## SUPPLIED INFORMATION
══════════════════════════════

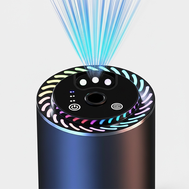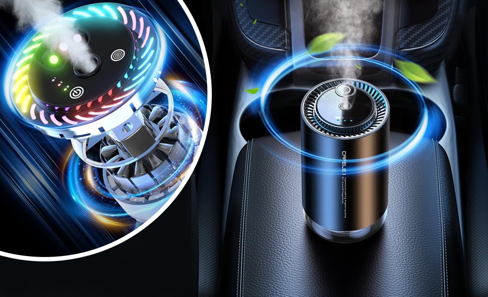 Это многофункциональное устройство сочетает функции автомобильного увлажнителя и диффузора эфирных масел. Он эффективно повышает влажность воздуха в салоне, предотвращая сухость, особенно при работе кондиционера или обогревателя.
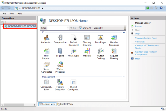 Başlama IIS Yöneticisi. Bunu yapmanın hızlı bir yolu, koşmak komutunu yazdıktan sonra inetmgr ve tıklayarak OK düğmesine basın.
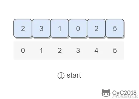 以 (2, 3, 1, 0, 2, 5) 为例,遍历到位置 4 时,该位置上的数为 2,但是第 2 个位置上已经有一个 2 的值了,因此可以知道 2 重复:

══════════════════════════════

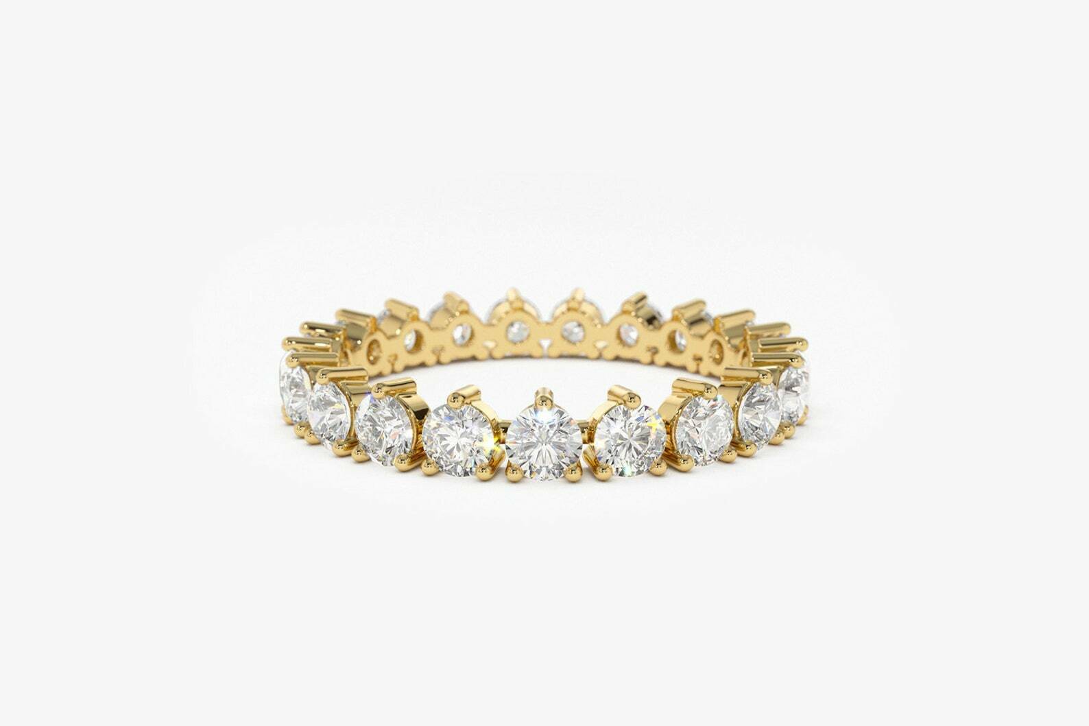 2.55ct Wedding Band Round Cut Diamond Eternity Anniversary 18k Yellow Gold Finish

══════════════════════════════

## GOAL OF THE EXERCISE
Your answer should consist of the lines above between those holding "Это многофункциональное устройство" and "以 (2, 3, 1, 0, 2, 5)", inclusive, reproduced word for word and without pictures.

## PROBLEM SOLUTION
 Это многофункциональное устройство сочетает функции автомобильного увлажнителя и диффузора эфирных масел. Он эффективно повышает влажность воздуха в салоне, предотвращая сухость, особенно при работе кондиционера или обогревателя.
 Başlama IIS Yöneticisi. Bunu yapmanın hızlı bir yolu, koşmak komutunu yazdıktan sonra inetmgr ve tıklayarak OK düğmesine basın.
 以 (2, 3, 1, 0, 2, 5) 为例,遍历到位置 4 时,该位置上的数为 2,但是第 2 个位置上已经有一个 2 的值了,因此可以知道 2 重复:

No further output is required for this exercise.